++++ MATERIAL SHOWN

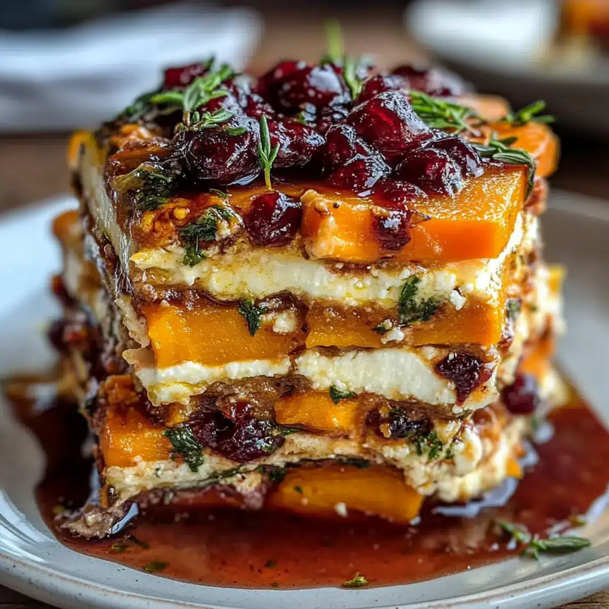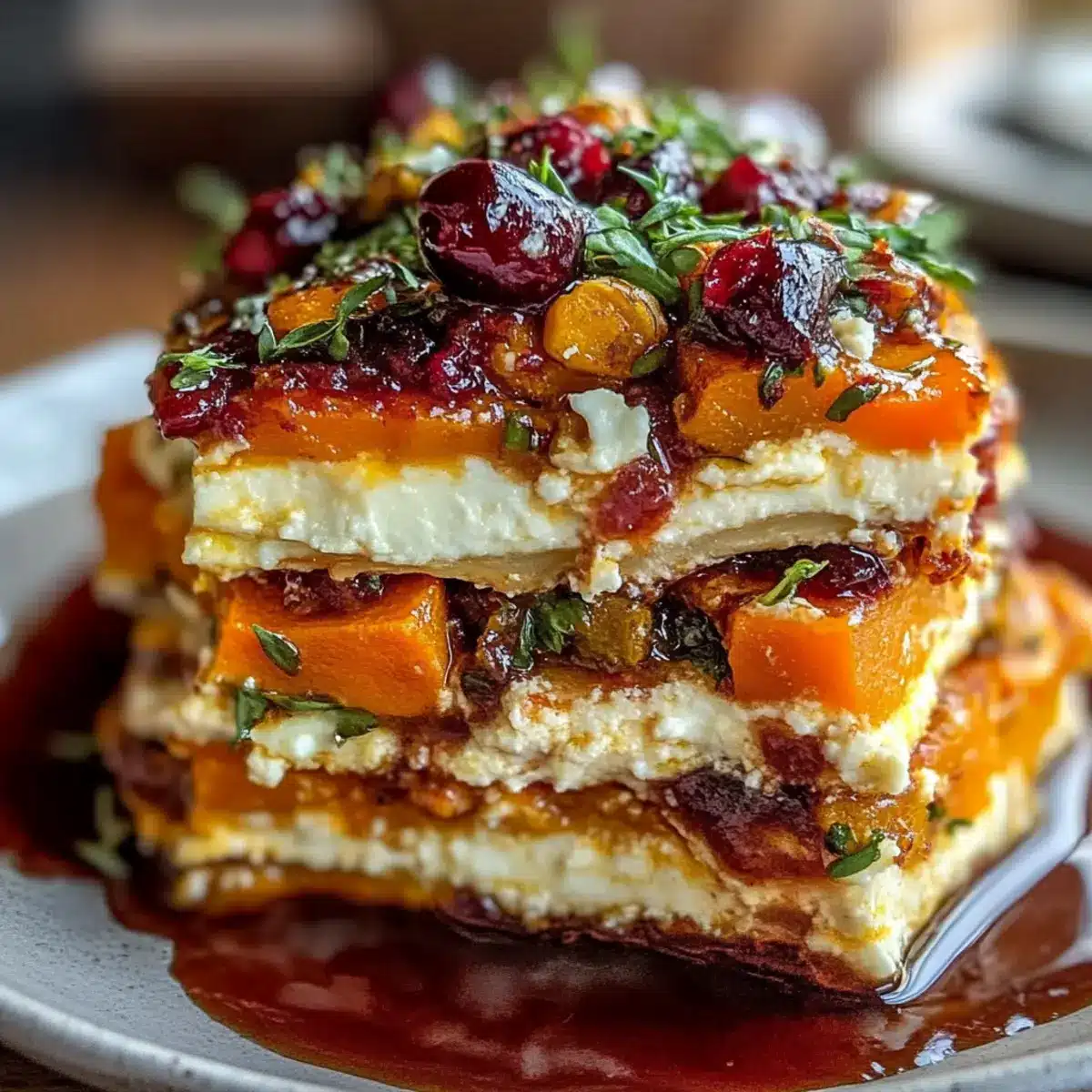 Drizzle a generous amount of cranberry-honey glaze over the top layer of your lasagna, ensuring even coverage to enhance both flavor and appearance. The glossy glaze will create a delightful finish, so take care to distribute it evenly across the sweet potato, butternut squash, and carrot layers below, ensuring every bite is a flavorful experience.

++++++++
++++ MATERIAL SHOWN

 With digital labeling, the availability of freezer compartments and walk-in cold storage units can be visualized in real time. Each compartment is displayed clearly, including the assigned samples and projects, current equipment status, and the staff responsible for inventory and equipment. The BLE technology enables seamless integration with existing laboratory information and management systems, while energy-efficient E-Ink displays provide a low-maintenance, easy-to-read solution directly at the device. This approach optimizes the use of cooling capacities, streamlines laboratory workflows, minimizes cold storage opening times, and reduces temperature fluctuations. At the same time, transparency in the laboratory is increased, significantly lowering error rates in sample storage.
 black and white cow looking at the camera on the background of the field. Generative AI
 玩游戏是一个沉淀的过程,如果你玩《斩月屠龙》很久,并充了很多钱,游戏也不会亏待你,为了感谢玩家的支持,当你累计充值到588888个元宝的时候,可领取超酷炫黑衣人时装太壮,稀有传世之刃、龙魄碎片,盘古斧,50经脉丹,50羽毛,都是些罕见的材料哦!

++++++++

Above are the entries. Quote exactly the lines from the one bearing "black and white" through the one bearing "玩游戏是一个沉淀的过程,如果".

TASK RESULT
 black and white cow looking at the camera on the background of the field. Generative AI
 玩游戏是一个沉淀的过程,如果你玩《斩月屠龙》很久,并充了很多钱,游戏也不会亏待你,为了感谢玩家的支持,当你累计充值到588888个元宝的时候,可领取超酷炫黑衣人时装太壮,稀有传世之刃、龙魄碎片,盘古斧,50经脉丹,50羽毛,都是些罕见的材料哦!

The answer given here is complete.